Елена Зейферт

Елена Зейферт

Четвёртое измерение № 5 (209) от 11 февраля 2012 г.

Подборка: Язык, поток людей, златая прядь...

Фрагмент весны

 

Дремучей ветвью, пахнущей весной,

Не насладиться пальцами и зреньем.

Вдыхать и слушать сладостный покой

И привкус смол узнать прикосновеньем,

Желаньем губ.

                    Изведать новизну

Не трепета – биения лесного.

И рассказать грядущую весну

Её истокам, повторённым снова.

 

Яблони

 

У родительского дома

росли четыре яблони.

Две из них

приносили кислые красные плоды,

две другие – сладкие жёлтые.

Сорта плодоносили через год.

И один год белым цветом, а потом яблоками

была устлана левая половина двора,

другой год – правая…

 

Мне сегодня приснилось,

что яблони сгорели –

стволы обуглились,

но на ветках всех четырёх деревьев яблоки.

 

– Так не бывает, – подумала я и позвонила маме.

 

– Мама, какие яблони будут цвести в этом году?

 

– Да все наши яблони замёрзли этой зимой, Ленок!

Они были совсем старые –

их сажал ещё дед,

а он умер за двадцать лет до твоего рождения.

Дадут плоды

вишневые и сливовые деревья.

Помнишь, ты их сама сажала?

 

В мобильнике – звук яблокопада.

Наверное, это соседский мальчишка

бьёт красным или жёлтым мячом о забор.

 

Я стою на Садовом кольце,

словно боясь наступить на те, детские яблоки…

 

Их было так много.

Они пахли.

Они создавали настроение.

Они жили.

Их больше нет.

 

Кроворечение

 

Между нами кроворечение.

Кровь-речение, речь из крови.

Ведь река под названьем В-лечение

Убежала в песок, под кровлю.

 

Ведь дома оказались вехами.

Поцелуями. Утром ранним.

Проаукали мы, проэхали

Даже отзвуки пониманья.

 

С многочисленными заботами

Размешается что есть силы

Горе плотное и животное…

Я ребёнок? Спасибо, милый.

 

Мы вершили на грани, на грани… Власть

Ты мячом бил о пол моих чаяний.

Лишь лицо моё нежное ранилось

О твою кольчугу молчанья.

 

Бросьте – щупальце этого крабика

Не назвать осторожным сроду

В день, когда вернулась силлабика

В моё горло, к тебе – свобода.

 

Я не жертва. Но их количеством

Измеряют любую победу.

Мой Желанный, Твоё Величество...

Мы не встретимся в эту среду. 

 

* * *

 

Кем осталась я после нежной дружбы с тобой?
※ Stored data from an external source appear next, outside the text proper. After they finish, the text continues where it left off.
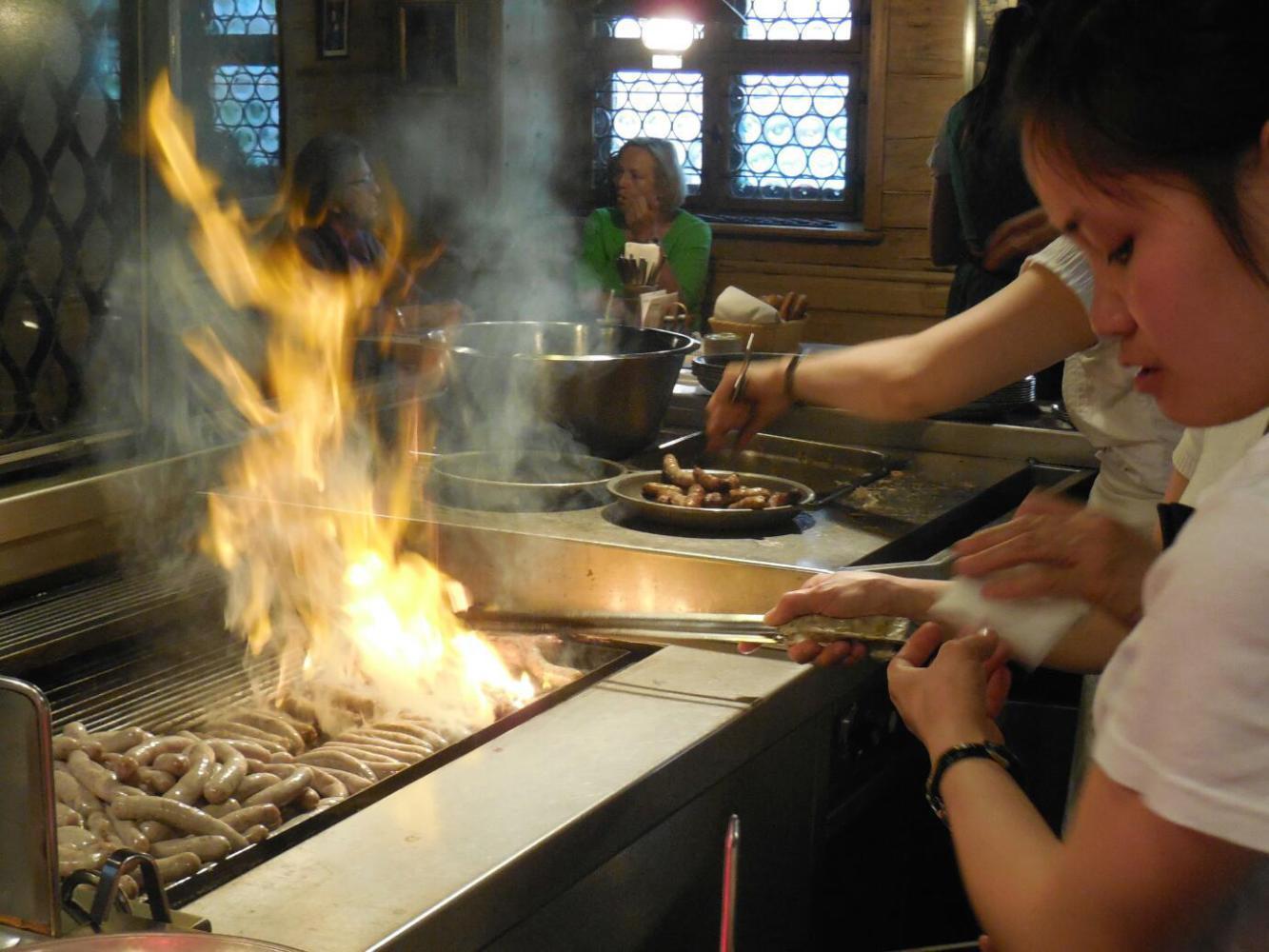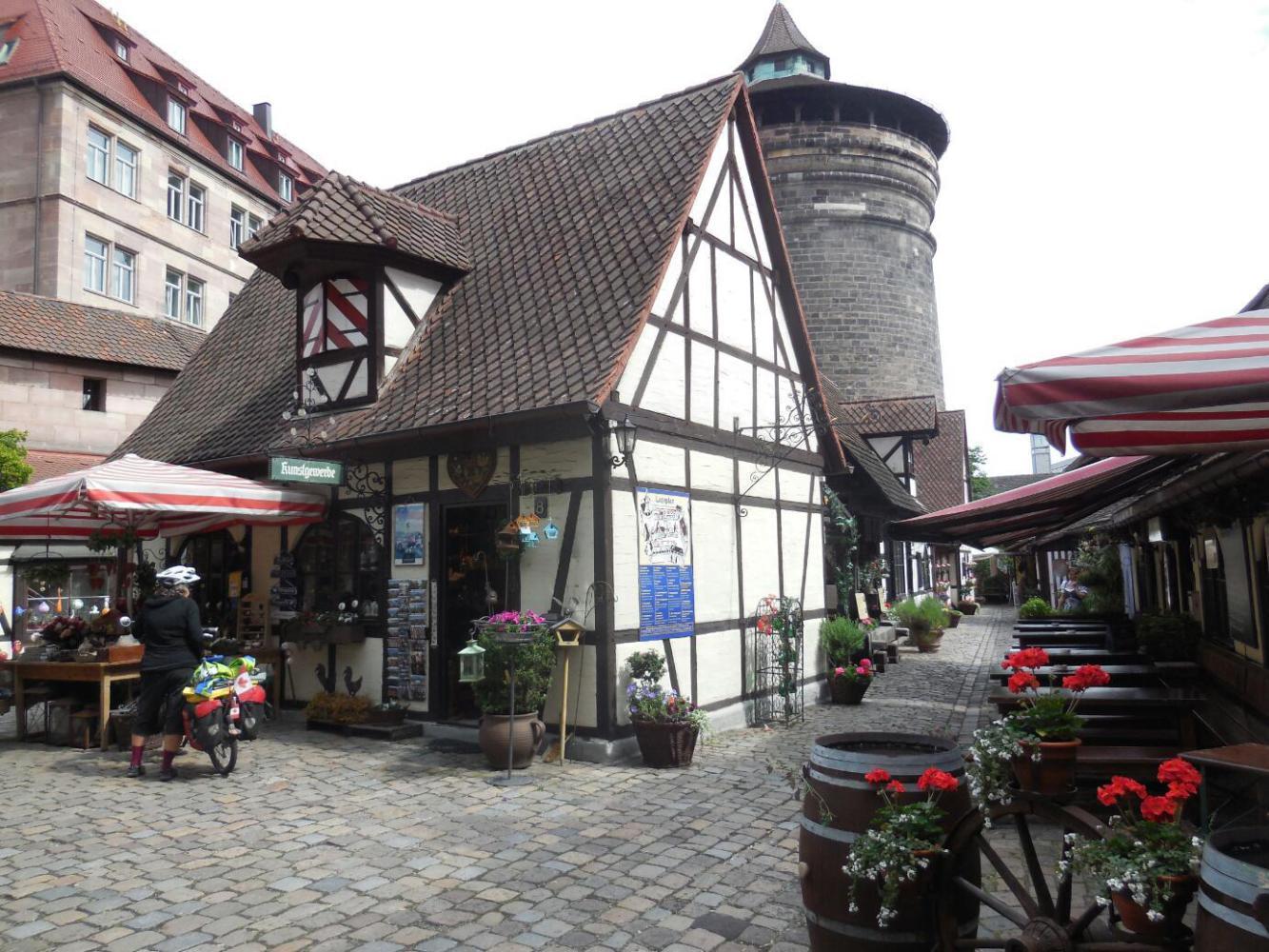 One of the things that Rick Steeves had mentioned were the famous (apparently) Nuremberg bratwurst, known for being the smallest. We spotted one nondescript bratwurst restaurant, and wondered what Rick Steeves had been going on about. However, deep in the market square, near the Frauenkirche, was a building with a whole lot of smoke coming out the top, and a whole lot of people seated inside and out. A sign offered take out bratwurst, 3 in a bun for 2.50. I made my way inside and found a very busy scene, with waitresses scurrying around, and lots of people.In the centre was the grill that was pumping out the smoke, and on the grill were hundreds of little bratwurst. At this point I had what I consider the honour of being gently bulldozed out of the way by a large dirndl clad waitress. I asked a less imposing one just how to buy some bratwurst, and got a quick instruction in German. Sort of following that, I presented myself to a little bar, and got directed to the side of it, also in German. There a lady took my 2.50 and scribbled something on a chit. Now what. More fast German instructions. I presented myself back near the grill and waved my chit. This had the desired effect of producing three little bratwurst on a bun. I was bold enough to ask were the senf (mustard) was, and somehow understood those instructions. So after that I was back on the street where Dodie was waiting with the bikes, with my treasure. And yes, they were good.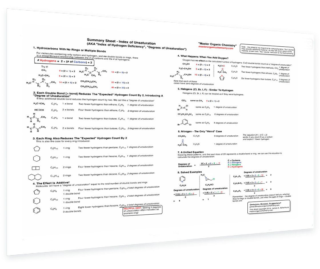 All about calculating index of unsaturation - Hydrocarbons with no rings or multiple bonds - How double bonds and rings affect the hydrogen count - The effect of oxygen - Halogens - The unified equation
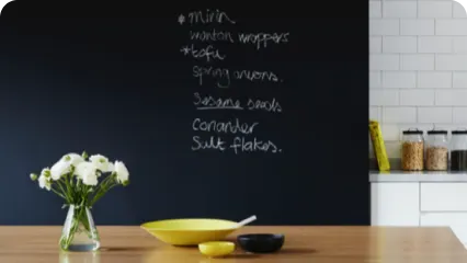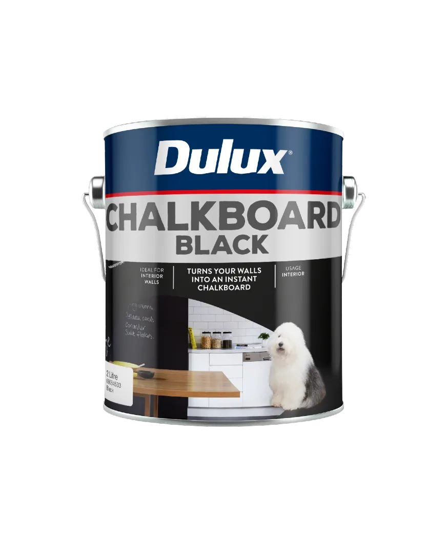 The instant chalkboard created with Dulux Design Effects adds a twist of fun and functional. From imaginative drawings to the weekly shopping list, this product will allow you to instantly transform any surface into a delightful creative opportunity.
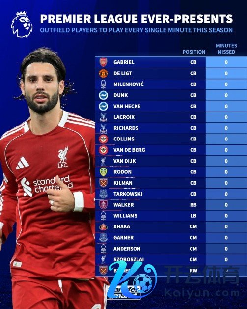 以下为本赛季于今保执全勤的英超非门将球员名单:
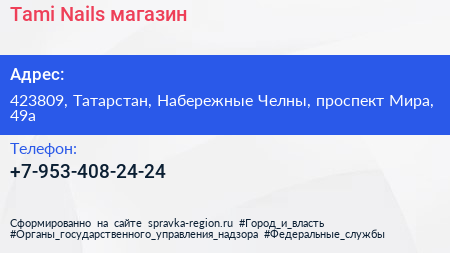Tami Nails, магазин по адресу 423809, Татарстан, Набережные Челны, проспект Мира, 49а в дальнейшем Организация, размещена в следующих категориях: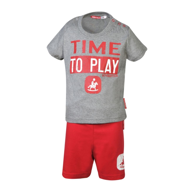 Βρεφικό σετ, t-shirt και βερμούδα. Αποτελείται από 100% βαμβάκι και είναι διαθέσιμο σε ένα (1) χρώμα γκρι μελανζέ, και – φυσικά – σε πολλά μεγέθη.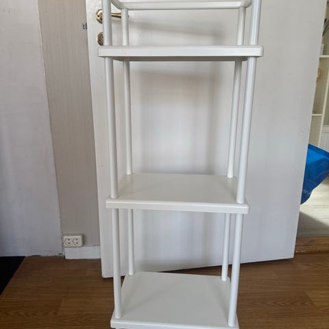 Baderomsmøbelsett med åpen hylle og benk i tre. Hyllen har flere åpne hyllenivåer med spiler som gir god lufting rundt innholdet. Benken har matchende spilekonstruksjon og kan brukes både som sittebenk og oppbevaringsløsning. Passer på bad eller andre rom der det er behov for enkel og luftig oppbevaring.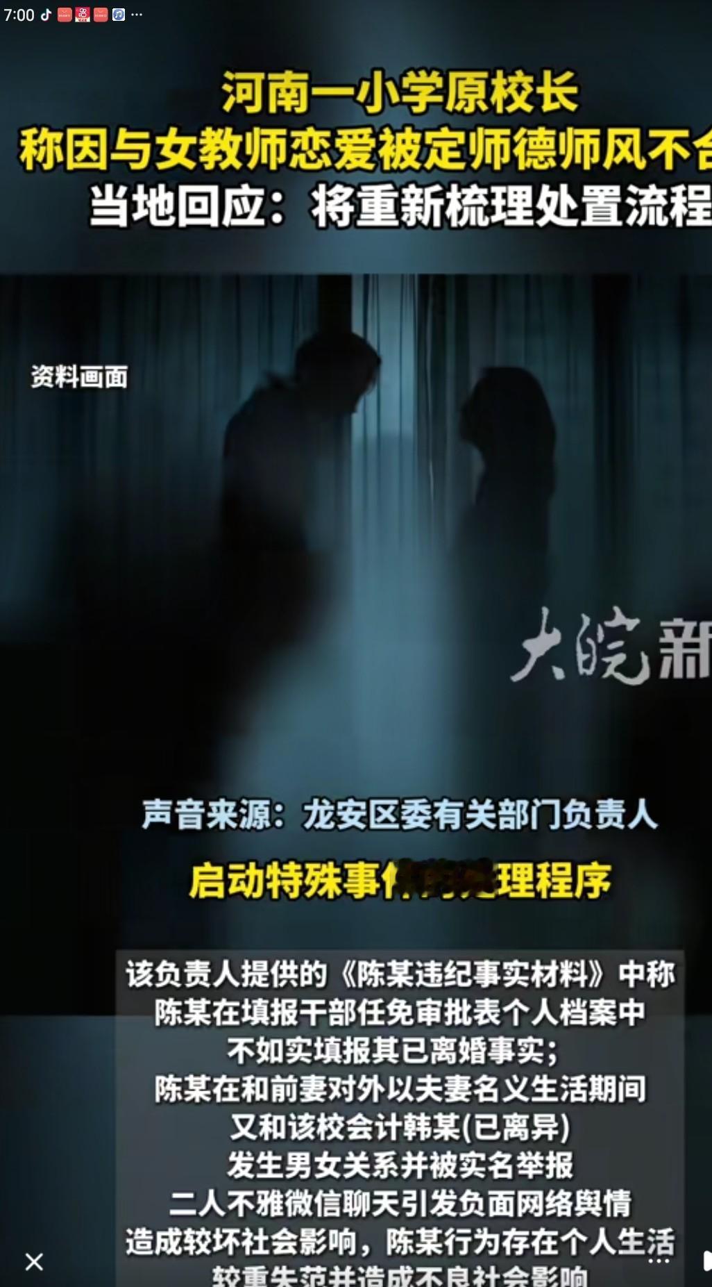 反转了!河南安阳某小学前校长在职期间与离异女教师的事儿,出现了新情况。原来他在24年5月接受审查时,被发现的问题可不止一个,而且他也签字确认了! 78年出生的陈某于2011年离婚,但在任免审批表个人档案里,没有如实写自己婚姻情况; 他虽与前妻离婚却保持同居关系,这点尚不清楚90后代课老师韩某是否知道,但韩某前夫的介入明显让几人关系更加混乱了。 韩某前夫窃取了韩某与陈某的不雅微信内容并传播,造成了一定的负面影响。 陈某小学校长当不成,转到某中学当老师,师德师风考核为“不合格”,以后晋升晋级无望。 目前当地有关部门回应,重启调查,但陈某曾在24年审查结论下面亲笔签上“属实”,大概率不好翻盘吧!

Деревом или косточками в его плодах?

Я уже никогда не узнаю, что значит боль,

Даже если как ценность её никому не отдам.

 

Может (скажешь), я стала ещё живей,

Тронешь пальцем меня, и рана кровоточит?

Из таких деревьев, как я, не строят церквей,

Потому что Слово в храмах таких горчит.

 

Посмотри, как прекрасна падалица моя!

Ей не нужно стремиться к небу – страх высоты.

И без спила понятно: я старше, поблекла явь

И корней не пускают ни храмы мои, ни кресты.

 

Я отныне статична, мне некуда больше бежать,

Но я в силах носить в себе дупла и гнёзда других,

Подставлять своё жёсткое тело, снимать беспокойный жар

И тихонечко петь сочинённый с тобою гимн… 

 

* * *


Мне темно. Сыро.
Ноги гудят и почти не гнутся.
Я слепая лошадь на дне рудника. 

 

* * *

 

Память несовершенна.

Она ворует кусочки счастья

и распихивает их по чёрным дырам карманов.

 

Детский ангел

 

Я вдруг отчётливо

Ощущаю себя четырнадцатилетней.

 

Мужчина, во все глаза глядевший на меня в метро,

Вернул мне детство –

Кофейные волосы, острые локти, тонкую детскую кожу.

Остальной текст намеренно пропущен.